# Crank noseband Vs normal noseband



## hrhmika (22 March 2010)

Is the pressure exerted by a normal buckle noseband different to that exerted by a crank noseband, what are the advantages and disadvantages to either particularly for sensitive horses, i need to replace my current crank noseband for my highly sensitive thoroughbred and was just wondering whether a buckle noseband (albion KB) would be comfier?


----------



## P4NN (22 March 2010)

The Crank nose band has become very common with dressage bridles.
The Crank is different than the regular cavesson in a couple ways; 
one it is usually heavily padded both across the nose, and under the jaw, and secondly it is done up differently with the strap that runs under the chin being run through two rings on either side, and then buckled in the middle. In theory this allows it to be done up much tighter than a regular cavesson without worry of pinching.

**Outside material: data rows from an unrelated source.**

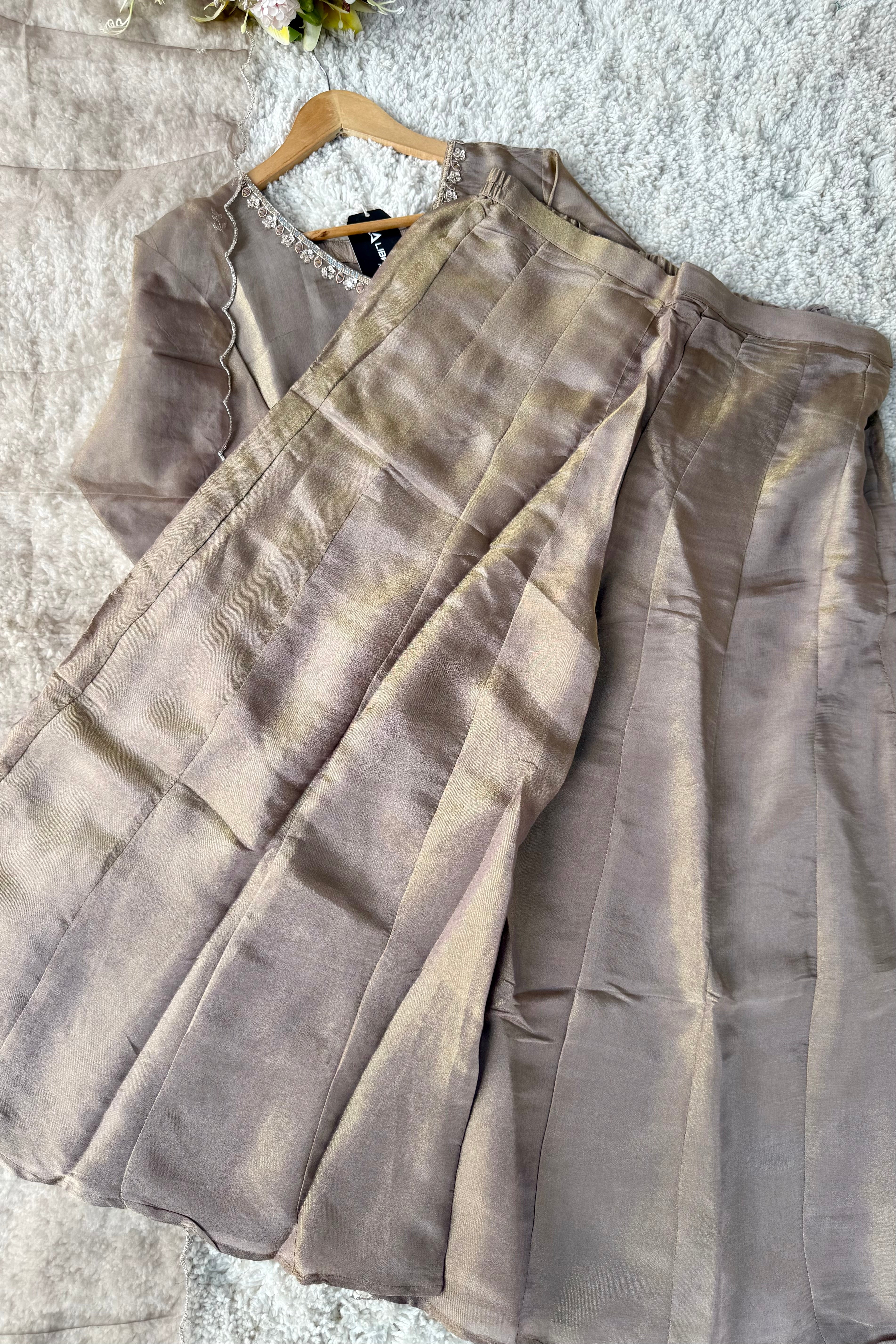 ✨Az002- Champagne Gold Tissue Divider Sharara Suit
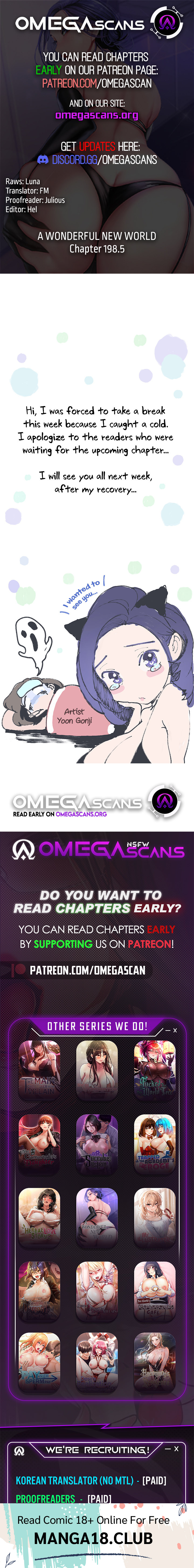 Read the latest manga A WONDERFUL NEW WORLD Chapter 198.5 at manga18fx . A WONDERFUL NEW WORLD is always updated at manga18fx . Dont forget to read the other manga updates. A list of manga collections manga18fx is in the Manga List menu.
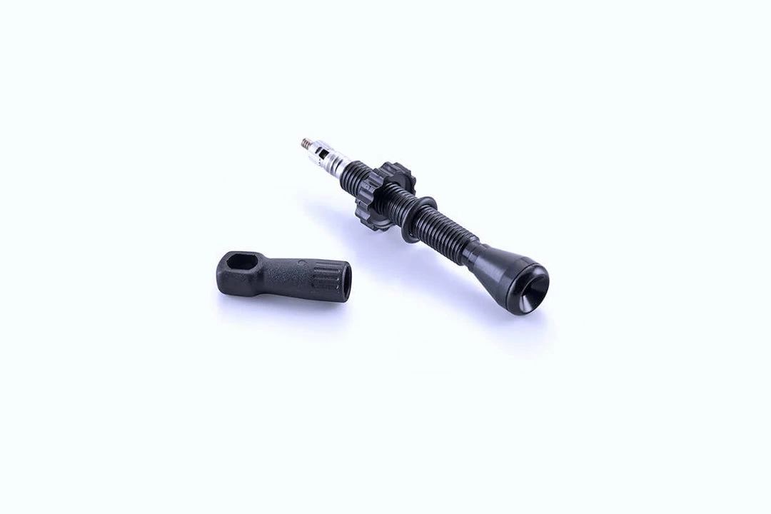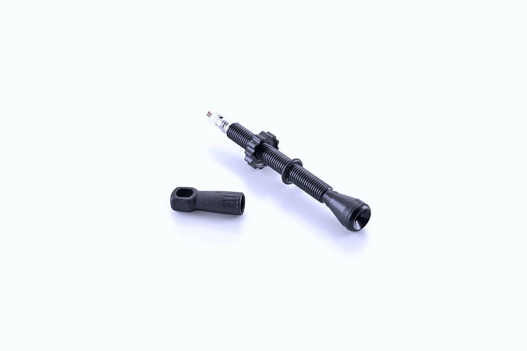 Made from aluminium, Condor tubeless valve are available in 45mm and 60mm length and fit most tubeless rims including carbon, Enduro and DH rims. The large soft rubber base easily creates an airtight seal on valve holes up to 8mm diameter. The integrated valve core remover caps make removing the valve and topping up with sealant a breeze when in the workshop or on the trails.
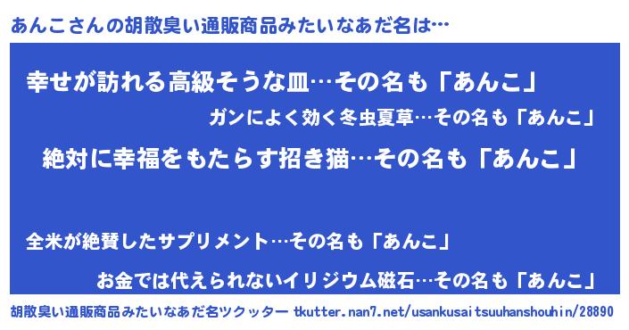 | ヘコむあだ名 | 『あんこ(笑)』『つくし』『あん太郎』 |
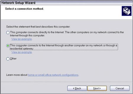 You can connect your network to the Internet in one of two basic ways: Through an Internet device connected to your Broadband router, or via an Internet device connected to one of your networked computers. For reasons we explain in Chapter 3, connecting through an Internet device connected to your Broadband router is the preferred method. The Network Setup Wizard asks you a question on the third screen about how you connect to the Internet, as shown in Figure 2-7.
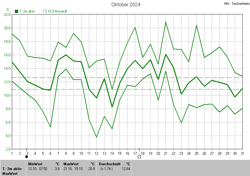 Der wärmste Tag war der 21.10.2024 um 15:10 mit 20.9°C. Am kältesten war es mit 3.8°C am 12.10.2024 um 07:50.
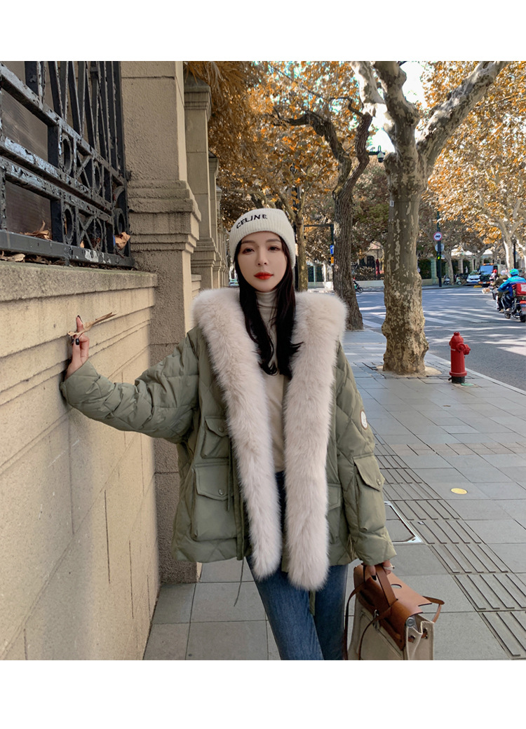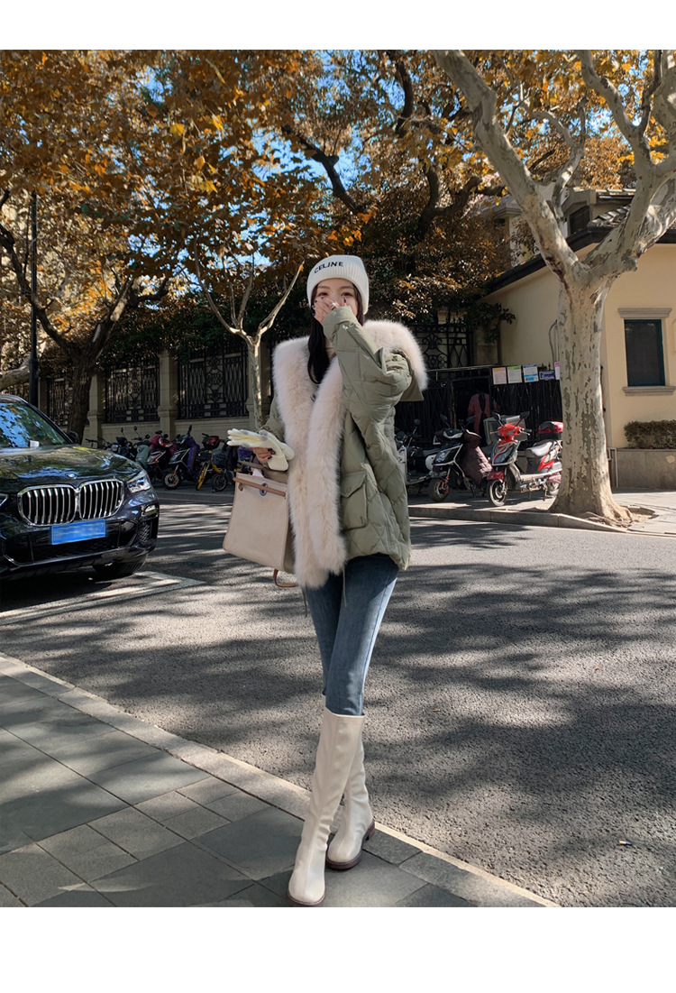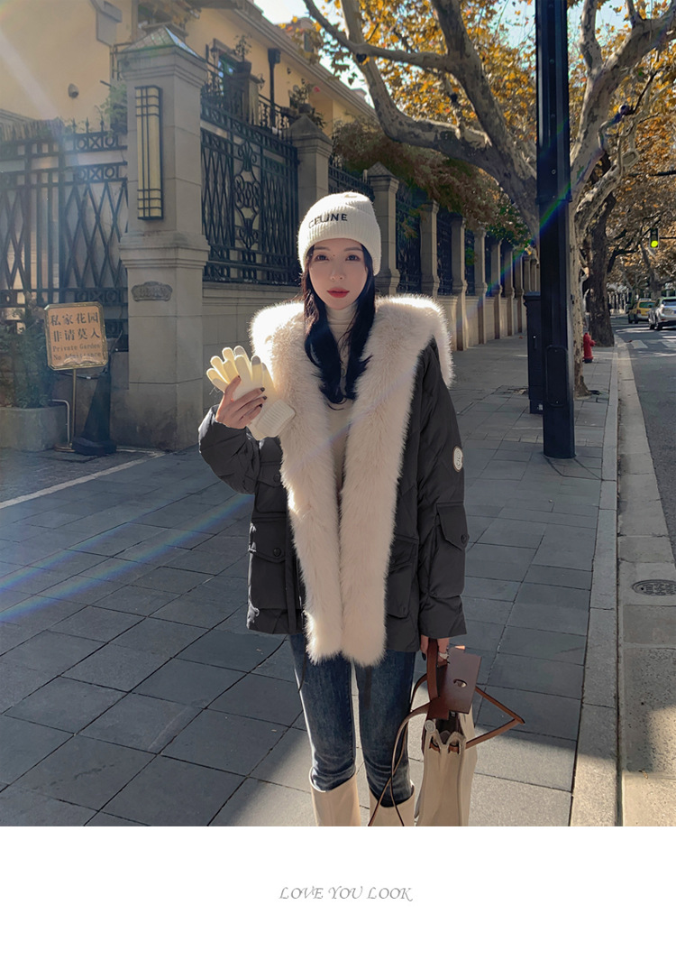 【服装鞋包】-冬季新款绒服派克服女皮外套女保暖中长款
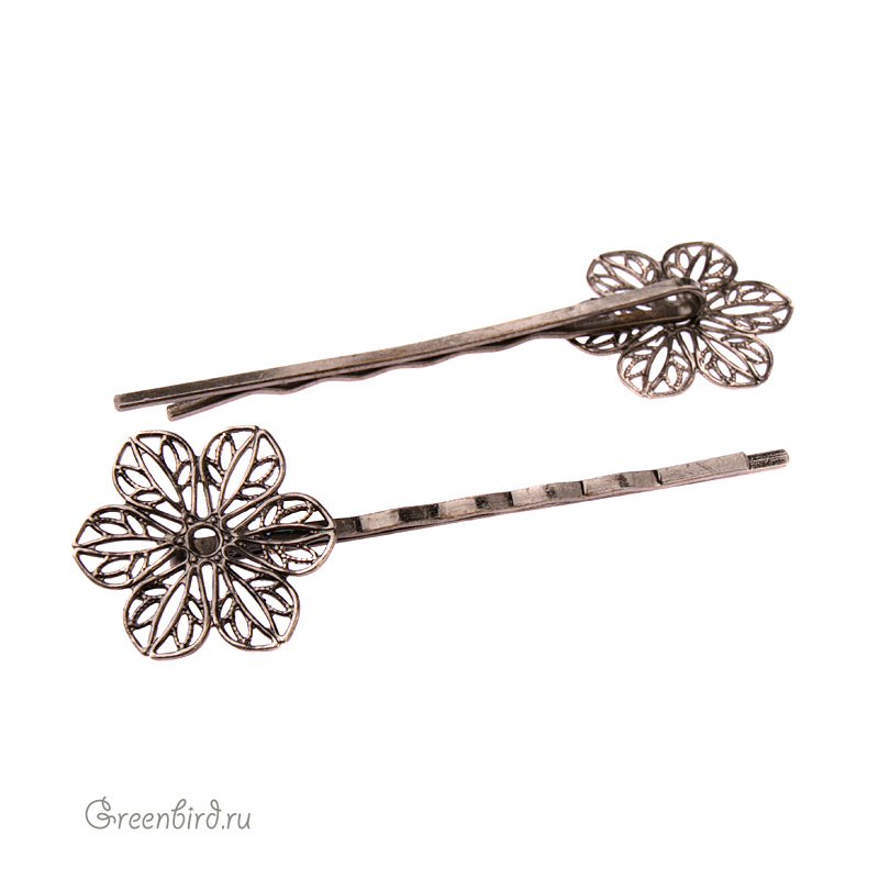 Основа для заколки-невидимки с цветочком. Цвет: черненое серебро. Длина невидимки: 5,4 см, основа-цветочек 22,3 х 20,3 мм. Производство: Китай. Цена указана за 1 шт.
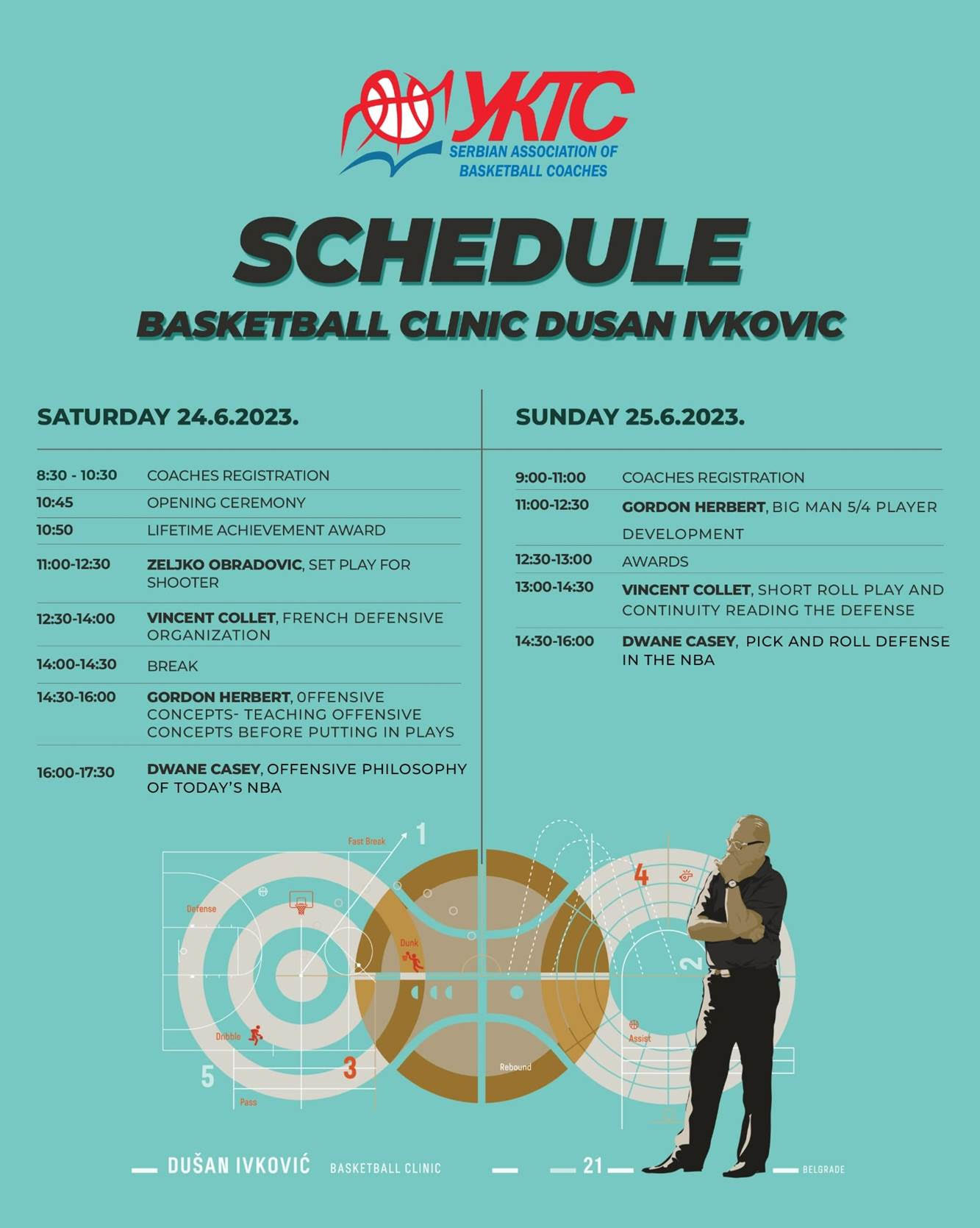 Кошаркашка клиника Душан Ивковић биће одржана последњег викенда јуна, 24. и 25. јуна 2023. у „Дворани Александар Николић“, у Београду. Стручни семинар ће предводити наш најтрофејнији тренер Жељко Обрадовић коме ће се придружити стране колеге селектори Винсен Коле, Гордон Херберт као и НБА легенда Двејн Кејси.
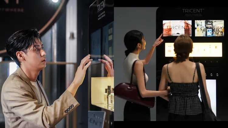 TRICENT香氛互動體驗機打破傳統百貨專櫃的空間限制,傳遞「城市香氛圖書館」的理念,其操作過程極其簡單,使用者僅需透過直覺式觸控螢幕瀏覽資訊,選定心儀款式後,機器便會精準地將香氣噴灑於手腕,確保試香過程潔淨且不混味。若遇見命定香氛,只要掃描螢幕上的QR Code,即可瞬間串連線上平台進行深度了解或下單購買。
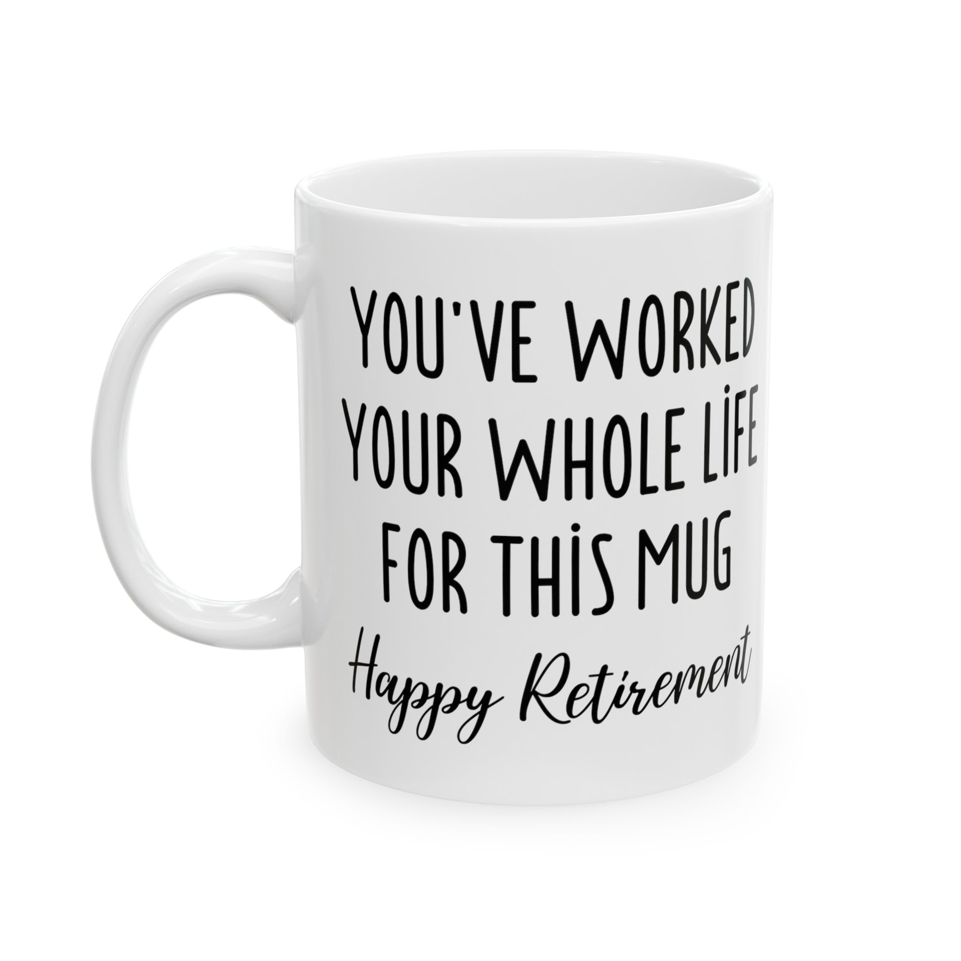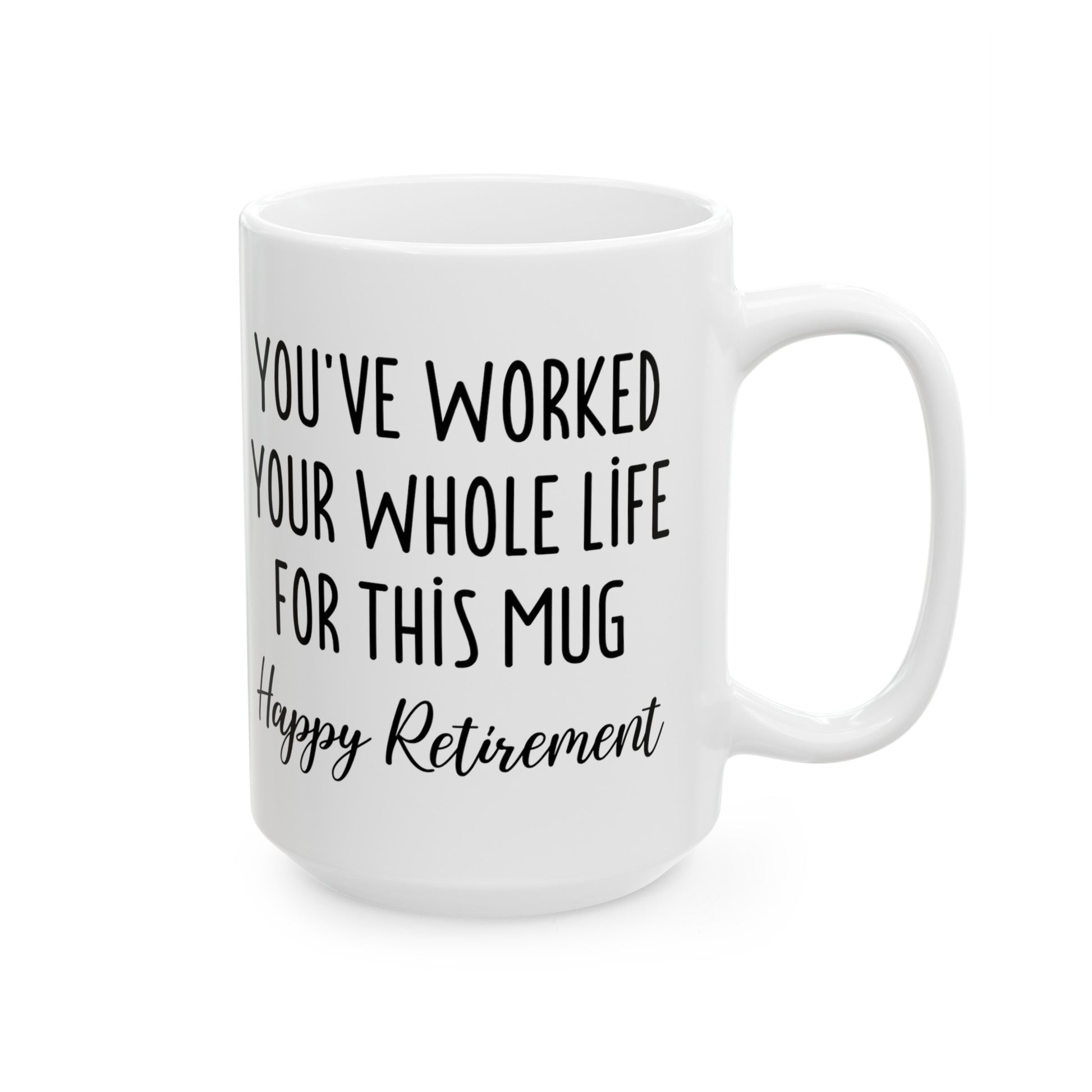Celebrate the years of hard work with a mug that makes a statement! This humorous retirement mug reads, "You’ve Worked Your Whole Life for This Mug," and is the perfect way to mark the start of a new chapter. Featuring a fun design and the message "Happy Retirement," it's a great gift for anyone stepping into retirement and ready to relax with their favorite drink. A fun, lighthearted way to wish them well as they embark on their retirement journey!

Although the padding does seem beneficial at first, some of them are so heavily padded that they push the horse's cheeks even more so into their molars than a regular cavesson would. As well, having an overly tight nose band will cause discomfort and therefore resistance in the horse no matter how padded it is. Riders should not use a nose band to try to hide resistance in their horse by forcing the horse to hold its mouth shut with an overly tight nose band.

The one added benefit  when using a crank nose band, is that the rings on either 
side can be used to attach a lunge line, making it beneficial when schooling. Remember, just because it CAN be done up tightly, does not mean it NEEDS to be!

I have a crank becauase of the extra padding under the jaw but I only have it on the 2nd/3rd hole so I can still slide my hand under it.


----------



## flyingfeet (22 March 2010)

Agree with the above, I actually like cranks as I think they sit better than a normal buckle cavesson. 

However might are never tight (dressage trainer always mutters as says "it will annoy him being loose", er not so!!).

The major drawback is over keen people whacking them up too tight.

I also have plans to take the back strap off one and attach roundings to that and a snaffle ring of a nathe for one of mine that "hides behind the bit".  So have more options than normal.


----------



## lachlanandmarcus (22 March 2010)

I always liked crank nosebands but ONLY if loose, noseband is just there to frame the face, and ONLY if its good quality english leather and regularly oiled to ensure the end of the padded part doesnt dig in. I like them as I think normal ones with buckle against the skin/bine under the jaw can pinch


----------



## hrhmika (23 March 2010)

THank you very much for your help, he is currently in and albion KB crank noseband and need to replace it and was just wondering which was best, think i will stick with the crank, thanks very much for your help!


----------